BEGIN Data for this exercise

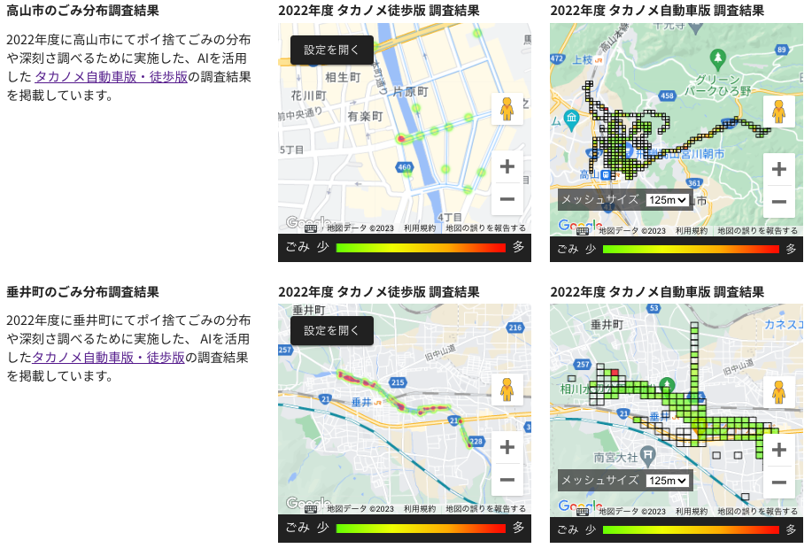 さらに、ごみ分布調査サービス「タカノメ」自動車版を活用し、海洋ごみ対策の重点モデル区域(高山市、垂井町)にて、散乱ごみの分布状況の調査及び分析も行いました。
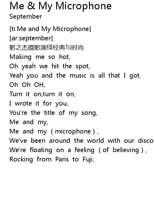 | [00:06.20] | Yeah you and the music is all that I got, |
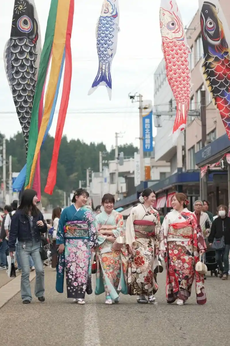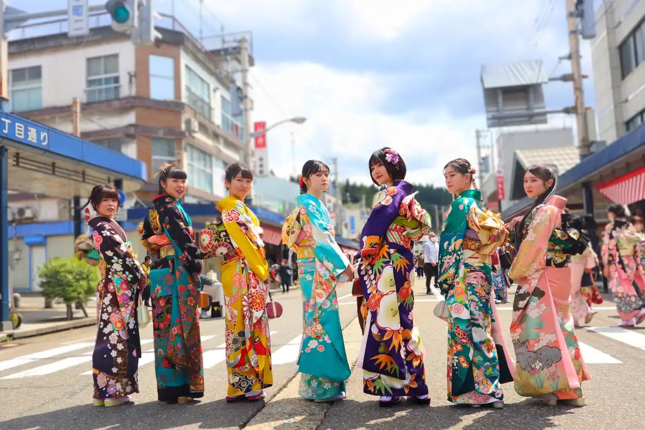 十日町きものまつりは、きものを特別なものとして鑑賞するだけでなく、実際に「着て、歩き、楽しむ」ことができるイベントです。まちなかを歩く人々のきもの姿、二十歳のつどいを迎えた若者たちの晴れ着、地域の伝統行事十三詣りや稚児行列など、この日、十日町のまちは“きもののある日常”そのものに包まれます。 |
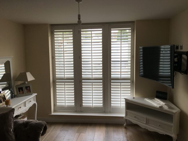A variety of shutters for this recent customer in Urmston, Manchester – Café style shutters for the living room, with tier on tier shutters upstairs & in the bedroom.
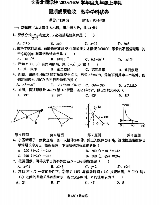 吉林省长春市北湖学校2025-2026学年上学期九年级开学考数学试卷
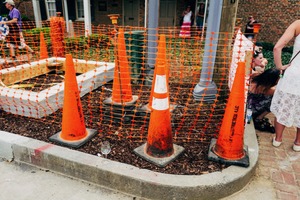 This photograph captures a cluster of bright orange traffic cones enclosed by construction fencing, set against a backdrop of muted brick and greenery. The contrast between the vibrant cones and the earthy tones of the mulch creates a striking visual effect, evoking a sense of disruption in an otherwise serene environment. The presence of people in the background hints at life and activity, juxtaposing the stillness of the barriers.
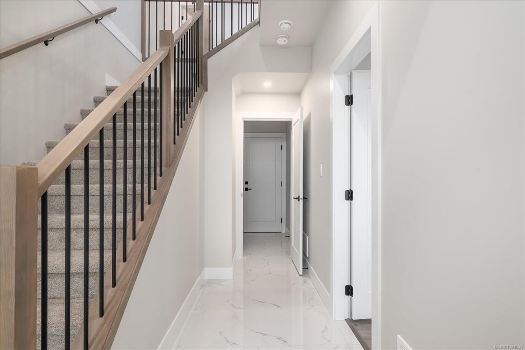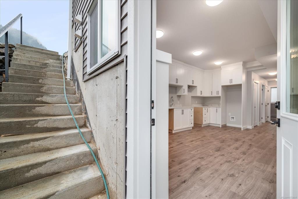 Enjoy sweeping ocean views from this brand-new home in beautiful Ladysmith. Offering approximately 2,760 sq ft of thoughtfully designed living space, this home features 5 bdrms and 4 baths, including a fully self-contained 2-bdrm suite w its own side entrance and in-suite laundry. The main living area is located on the upper level to capture stunning views of Ladysmith Harbour and the coastal mountains. The kitchen offers ample cabinetry, generous counter space, and a large island w seating, perfect for entertaining. Coffered ceilings, expansive windows, and a natural gas fireplace create a bright, inviting atmosphere. Step onto the front deck from the living room and enjoy beautiful sunrises. The primary suite includes a walk-in closet and spa-inspired ensuite w a tiled walk-in shower. Two additional bedrooms and a 4-piece bath complete the main floor. The lower level features the legal suite, plus a den and 2-piece bath. All information should be verified if fundamental to purchase.
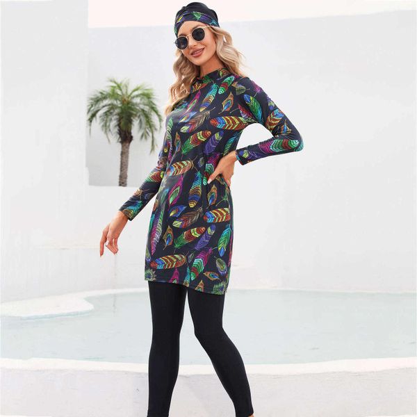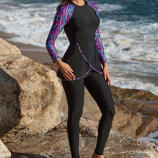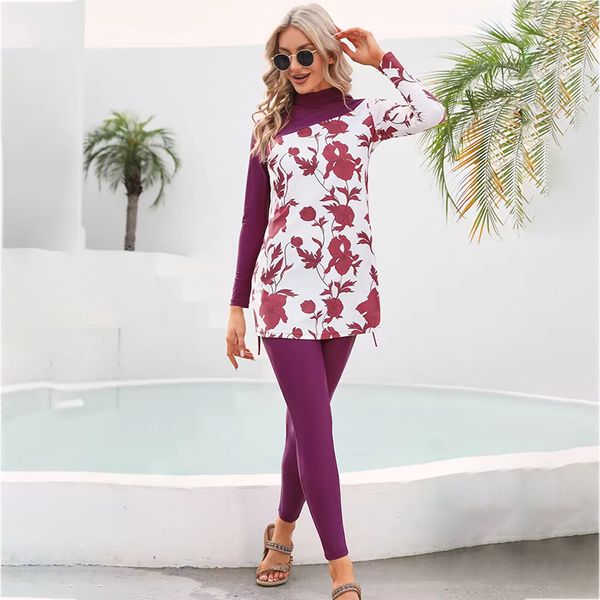 2025 Borkini Modest Swimwear New Muslim Swimsuit Printed Women's Long Sleeve Pants Swimsuit$11.25
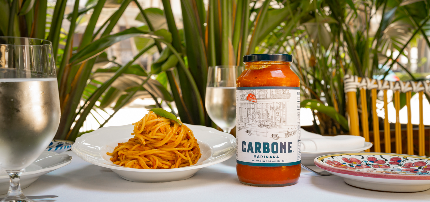 5. Add the cooked meats, Carbone Marinara Sauce, and picked herbs. Bring to a boil. Reduce the heat to low and simmer for 45 minutes.
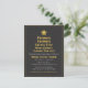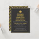 A sleek, chic, trendy and modern baby shower invitation in the theme of twinkle twinkle little star. It has a star on top of the all the words "Twinkle twinkle little star, what a lovely miracle you are!" looking almost like a star decoration on a Christmas tree. Treated with gold foil like texture and a black burlap texture pattern. On the reverse page is a chevron zigzag pattern in the same texture and colours. Personalise easily with your baby shower party details.
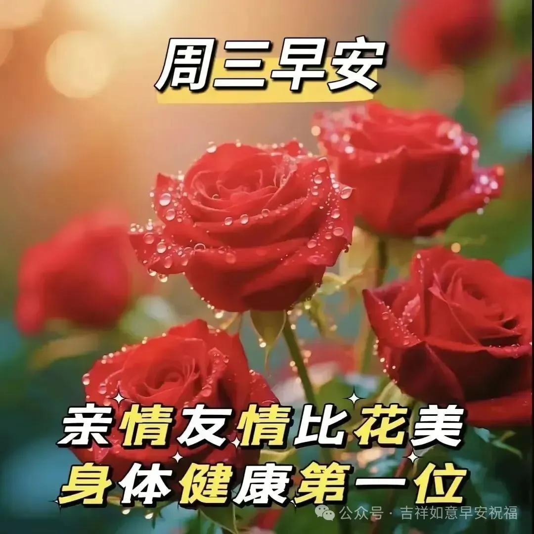 週三到❄️,牽掛到,天氣愈漸寒冷,思念愈發深切,遠方的朋友你可安好?天寒記得添衣保暖,降溫注意防寒御凍☃️!冬日的暖陽是我對你的問候☀️,飄飛的雪花是我對你的祝福❄️。傲雪的臘梅,爲我送去沁人的芳香,週三到了,願你健健康康!

END Data for this exercise

== Problem to solve ==
Set every line of the records down again exactly, and exclude all pictures.

== Expected output ==
 さらに、ごみ分布調査サービス「タカノメ」自動車版を活用し、海洋ごみ対策の重点モデル区域(高山市、垂井町)にて、散乱ごみの分布状況の調査及び分析も行いました。
 | [00:06.20] | Yeah you and the music is all that I got, |
 十日町きものまつりは、きものを特別なものとして鑑賞するだけでなく、実際に「着て、歩き、楽しむ」ことができるイベントです。まちなかを歩く人々のきもの姿、二十歳のつどいを迎えた若者たちの晴れ着、地域の伝統行事十三詣りや稚児行列など、この日、十日町のまちは“きもののある日常”そのものに包まれます。 |
A variety of shutters for this recent customer in Urmston, Manchester – Café style shutters for the living room, with tier on tier shutters upstairs & in the bedroom.
 吉林省长春市北湖学校2025-2026学年上学期九年级开学考数学试卷
 This photograph captures a cluster of bright orange traffic cones enclosed by construction fencing, set against a backdrop of muted brick and greenery. The contrast between the vibrant cones and the earthy tones of the mulch creates a striking visual effect, evoking a sense of disruption in an otherwise serene environment. The presence of people in the background hints at life and activity, juxtaposing the stillness of the barriers.
 Enjoy sweeping ocean views from this brand-new home in beautiful Ladysmith. Offering approximately 2,760 sq ft of thoughtfully designed living space, this home features 5 bdrms and 4 baths, including a fully self-contained 2-bdrm suite w its own side entrance and in-suite laundry. The main living area is located on the upper level to capture stunning views of Ladysmith Harbour and the coastal mountains. The kitchen offers ample cabinetry, generous counter space, and a large island w seating, perfect for entertaining. Coffered ceilings, expansive windows, and a natural gas fireplace create a bright, inviting atmosphere. Step onto the front deck from the living room and enjoy beautiful sunrises. The primary suite includes a walk-in closet and spa-inspired ensuite w a tiled walk-in shower. Two additional bedrooms and a 4-piece bath complete the main floor. The lower level features the legal suite, plus a den and 2-piece bath. All information should be verified if fundamental to purchase.
 2025 Borkini Modest Swimwear New Muslim Swimsuit Printed Women's Long Sleeve Pants Swimsuit$11.25
 5. Add the cooked meats, Carbone Marinara Sauce, and picked herbs. Bring to a boil. Reduce the heat to low and simmer for 45 minutes.
 A sleek, chic, trendy and modern baby shower invitation in the theme of twinkle twinkle little star. It has a star on top of the all the words "Twinkle twinkle little star, what a lovely miracle you are!" looking almost like a star decoration on a Christmas tree. Treated with gold foil like texture and a black burlap texture pattern. On the reverse page is a chevron zigzag pattern in the same texture and colours. Personalise easily with your baby shower party details.
 週三到❄️,牽掛到,天氣愈漸寒冷,思念愈發深切,遠方的朋友你可安好?天寒記得添衣保暖,降溫注意防寒御凍☃️!冬日的暖陽是我對你的問候☀️,飄飛的雪花是我對你的祝福❄️。傲雪的臘梅,爲我送去沁人的芳香,週三到了,願你健健康康!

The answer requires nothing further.